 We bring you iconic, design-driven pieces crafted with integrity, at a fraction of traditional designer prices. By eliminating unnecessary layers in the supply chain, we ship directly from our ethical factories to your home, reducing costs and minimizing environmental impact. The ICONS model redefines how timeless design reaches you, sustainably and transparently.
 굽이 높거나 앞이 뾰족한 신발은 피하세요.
________________________
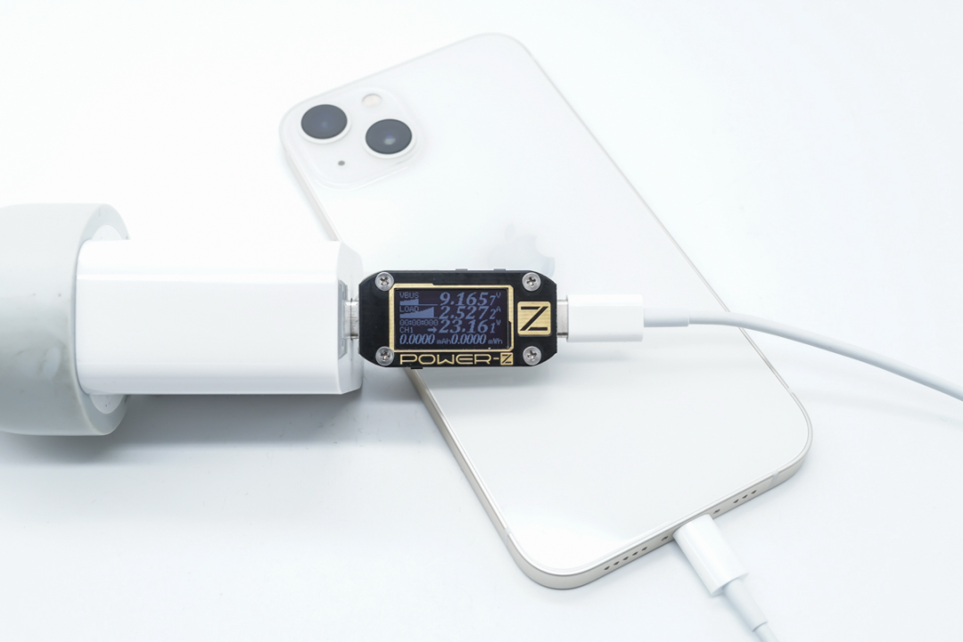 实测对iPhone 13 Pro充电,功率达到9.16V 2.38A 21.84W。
________________________
Begin at the line that has "We bring you" in the entries above; stop after the line that has "굽이 높거나 앞이 뾰족한 신발은 피하세요.". Transcribe exactly those lines and no others.

 We bring you iconic, design-driven pieces crafted with integrity, at a fraction of traditional designer prices. By eliminating unnecessary layers in the supply chain, we ship directly from our ethical factories to your home, reducing costs and minimizing environmental impact. The ICONS model redefines how timeless design reaches you, sustainably and transparently.
 굽이 높거나 앞이 뾰족한 신발은 피하세요.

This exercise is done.